TASK DIRECTIONS:
A verbatim reproduction of the lines below, from the line containing "Exemple des Trésors d'un joueur" through the line containing "Placez vos Trésors", both ends included, is the whole required output.

EXERCISE MATERIAL:

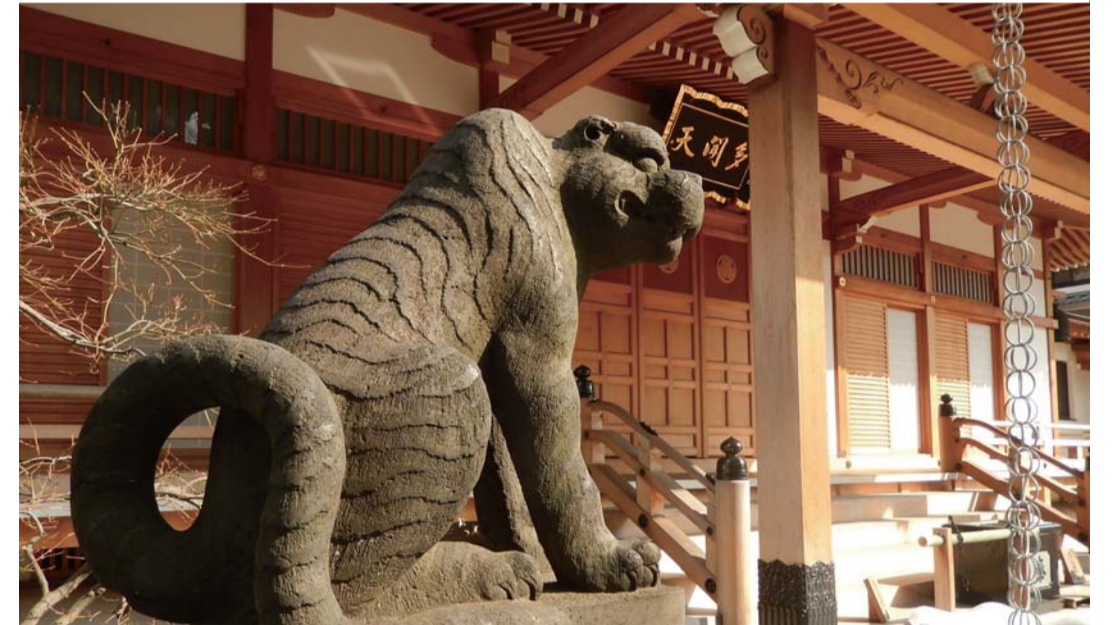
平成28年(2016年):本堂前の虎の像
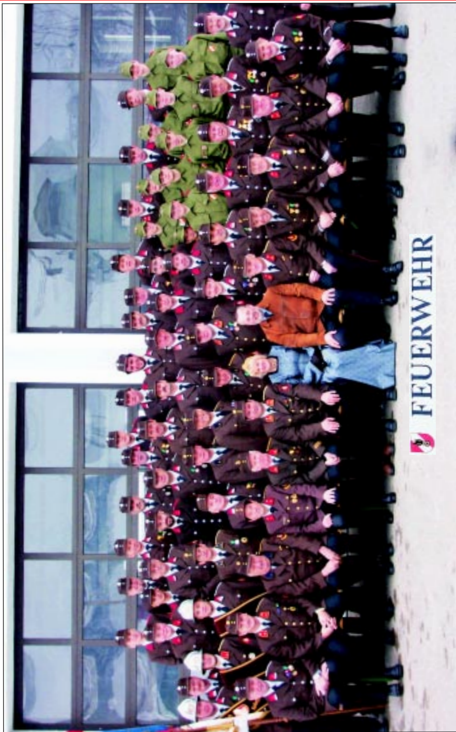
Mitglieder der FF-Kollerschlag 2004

---

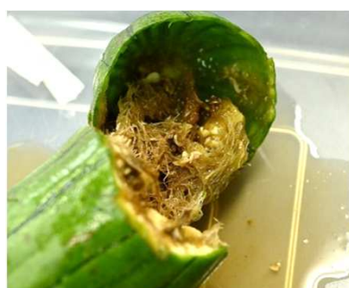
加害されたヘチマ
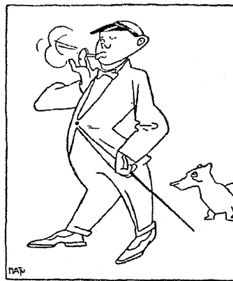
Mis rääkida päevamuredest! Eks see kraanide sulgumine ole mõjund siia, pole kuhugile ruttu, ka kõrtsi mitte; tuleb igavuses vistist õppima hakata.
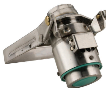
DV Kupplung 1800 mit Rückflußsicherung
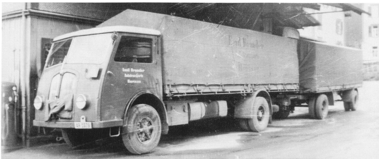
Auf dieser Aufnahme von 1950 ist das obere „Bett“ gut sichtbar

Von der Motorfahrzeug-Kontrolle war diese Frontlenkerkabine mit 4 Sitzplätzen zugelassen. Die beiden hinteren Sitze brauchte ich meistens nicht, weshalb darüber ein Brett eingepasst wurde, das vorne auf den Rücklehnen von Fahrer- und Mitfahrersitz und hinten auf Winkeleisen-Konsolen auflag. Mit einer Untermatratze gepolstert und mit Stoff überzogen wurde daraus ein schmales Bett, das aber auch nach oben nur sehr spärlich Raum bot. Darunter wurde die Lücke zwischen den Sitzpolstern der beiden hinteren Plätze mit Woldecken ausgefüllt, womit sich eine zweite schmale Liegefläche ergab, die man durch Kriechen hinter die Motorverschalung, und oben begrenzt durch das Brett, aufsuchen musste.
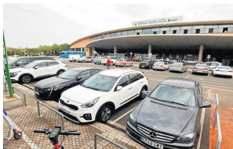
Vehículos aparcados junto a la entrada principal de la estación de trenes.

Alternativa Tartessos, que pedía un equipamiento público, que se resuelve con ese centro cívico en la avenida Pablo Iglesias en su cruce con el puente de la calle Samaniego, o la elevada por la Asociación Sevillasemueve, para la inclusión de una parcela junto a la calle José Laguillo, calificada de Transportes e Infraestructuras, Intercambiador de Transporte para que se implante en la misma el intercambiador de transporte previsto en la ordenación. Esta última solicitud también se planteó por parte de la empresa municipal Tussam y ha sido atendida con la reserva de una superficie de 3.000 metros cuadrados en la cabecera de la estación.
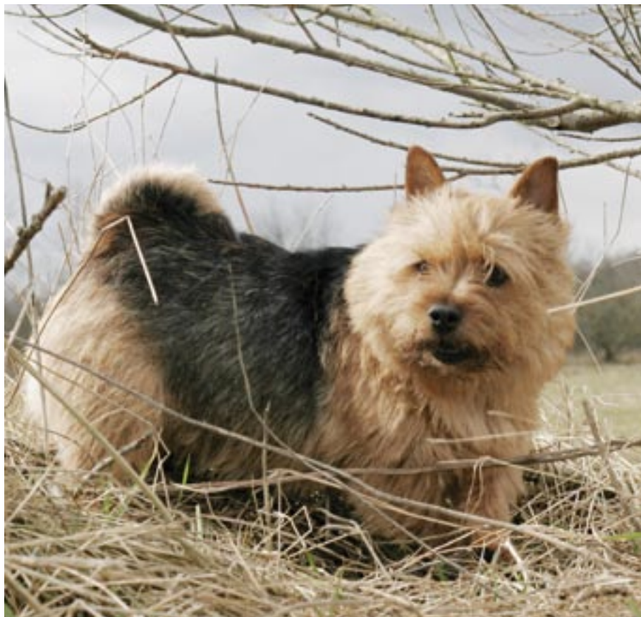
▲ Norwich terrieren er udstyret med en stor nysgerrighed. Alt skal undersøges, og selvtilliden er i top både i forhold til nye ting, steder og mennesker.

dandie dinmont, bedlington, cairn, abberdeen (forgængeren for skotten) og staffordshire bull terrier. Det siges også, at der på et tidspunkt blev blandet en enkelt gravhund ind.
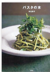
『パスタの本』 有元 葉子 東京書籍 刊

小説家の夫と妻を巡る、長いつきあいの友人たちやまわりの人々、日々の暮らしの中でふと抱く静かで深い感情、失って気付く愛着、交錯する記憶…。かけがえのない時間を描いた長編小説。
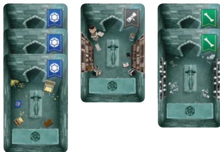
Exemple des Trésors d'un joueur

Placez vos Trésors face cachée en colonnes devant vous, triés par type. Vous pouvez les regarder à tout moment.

EXERCISE ANSWER:
Exemple des Trésors d'un joueur

Placez vos Trésors face cachée en colonnes devant vous, triés par type. Vous pouvez les regarder à tout moment.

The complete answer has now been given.